# SUPPLIED MATERIAL
★ ★ ★ ★ ★
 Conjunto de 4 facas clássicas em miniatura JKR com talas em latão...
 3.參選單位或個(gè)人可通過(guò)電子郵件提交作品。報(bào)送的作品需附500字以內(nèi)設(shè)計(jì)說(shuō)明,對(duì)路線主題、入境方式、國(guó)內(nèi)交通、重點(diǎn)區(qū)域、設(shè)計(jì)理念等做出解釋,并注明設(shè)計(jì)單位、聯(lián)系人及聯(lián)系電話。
★ ★ ★ ★ ★
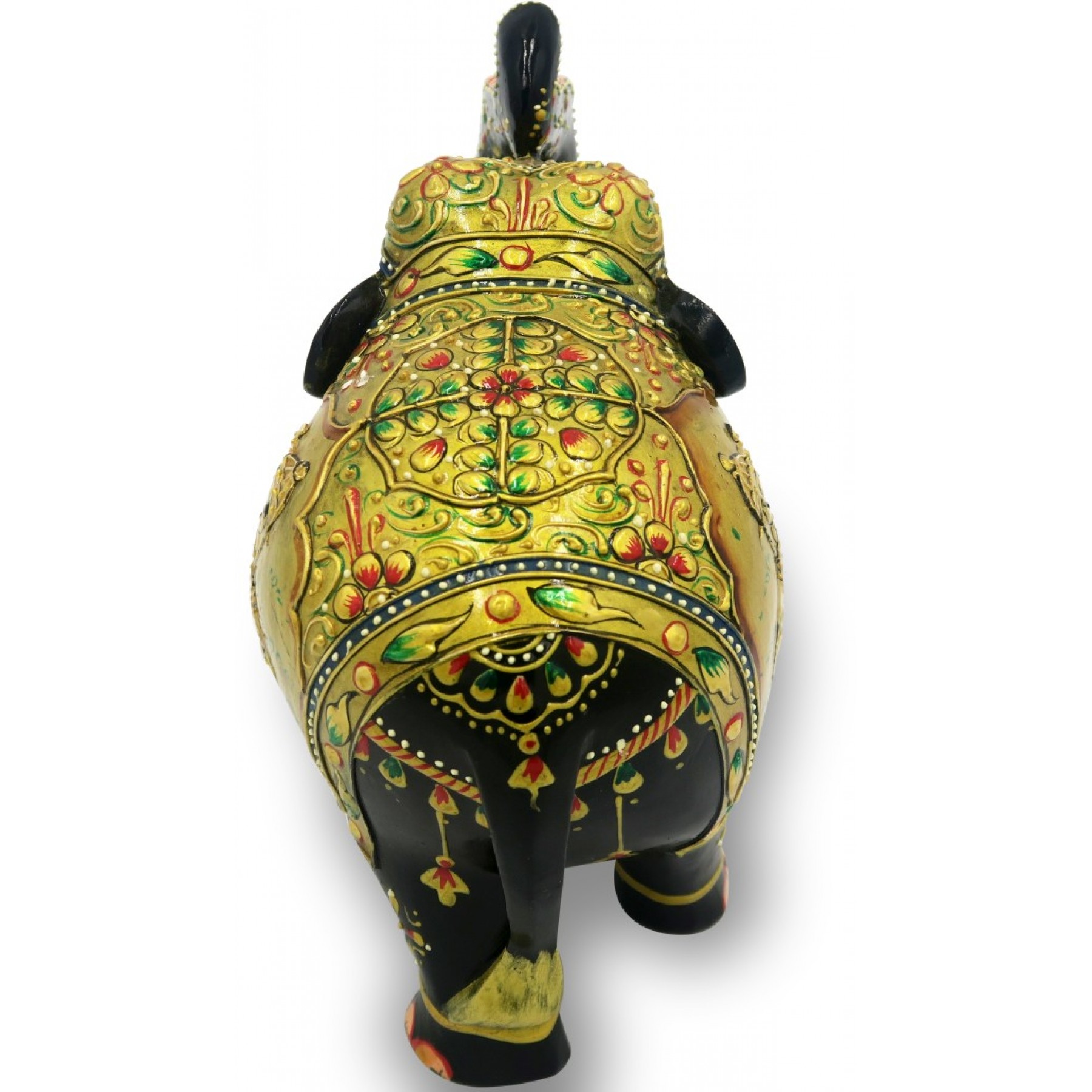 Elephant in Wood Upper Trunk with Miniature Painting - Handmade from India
★ ★ ★ ★ ★
# TASK
Copy verbatim, from the listing above, each line from the one containing "Conjunto de 4" down to the one containing "3.參選單位或個(gè)人可", inclusive.

# ANSWER TO THIS EXERCISE
 Conjunto de 4 facas clássicas em miniatura JKR com talas em latão...
 3.參選單位或個(gè)人可通過(guò)電子郵件提交作品。報(bào)送的作品需附500字以內(nèi)設(shè)計(jì)說(shuō)明,對(duì)路線主題、入境方式、國(guó)內(nèi)交通、重點(diǎn)區(qū)域、設(shè)計(jì)理念等做出解釋,并注明設(shè)計(jì)單位、聯(lián)系人及聯(lián)系電話。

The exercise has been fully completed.